Cystic Fibrosis - Pulmozyme
Defines Cigna's prior authorization and coverage criteria for Pulmozyme (dornase alfa inhalation solution) for patients with cystic fibrosis and states conditions considered not medically necessary. Applies to health benefit plans administered by Cigna Companies.
Updated coverage policy title from Dornase Alfa to Cystic Fibrosis - Pulmozyme and removed criterion 'used to improve pulmonary function in cystic fibrosis (CF).' and removed criteria for treatment of complicated pleural effusions.
Coverage Criteria for Pulmozyme (dornase alfa)
Initial approval - Cystic Fibrosis
Covered when ALL of the following are met
Pulmozyme is indicated as adjunctive therapy to improve pulmonary function in cystic fibrosis; approval duration 1 year
Required for approval; prior authorization is required
Use of Pulmozyme (dornase alfa) for any indication other than cystic fibrosis is considered not medically necessary.

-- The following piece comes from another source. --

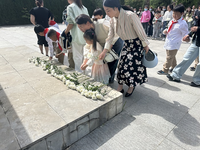 上午九点左右,邵小和新小近百余名学生及学生家长相约来到了邵店镇徐圩烈士陵园,两校学生携手站在革命烈士纪念碑前,共同缅怀革命烈士的丰功伟绩,追思为民族独立、人民解放、国家富强和人民幸福英勇献身的烈士们。悼念结束后,孩子们和家长献上手中的小白花,表达他们对烈士们的崇敬和怀念之情。
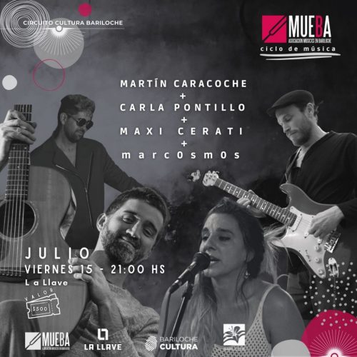 Luego del éxito vivido en la primera fecha del ciclo de música, nos volvemos a encontrar el viernes 15 de julio a las 21:00 hs en la Escuela Municipal de Arte La Llave. Así se dará lugar a la segunda fecha del ciclo de música MUEBA, organizado por la Subsecretaría de Cultura de Bariloche y co-producido por MUEBA (Asociación de Musicxs en Bariloche).

The policy explicitly lists non-covered examples including asthma and idiopathic/non-CF bronchiectasis, and notes the list may not be all inclusive and will be updated as new published data become available.
Pulmozyme is considered not medically necessary for asthma because efficacy outside of cystic fibrosis has not been established; a pilot study in patients with severe acute asthma (n = 50) showed no significant difference in FEV1 versus placebo. Pulmozyme is also not medically necessary for idiopathic bronchiectasis; a multicenter randomized placebo-controlled 24-week trial (n = 349) demonstrated worsened lung function and more frequent pulmonary exacerbations with Pulmozyme compared with placebo, leading authors to advise against its use in that population.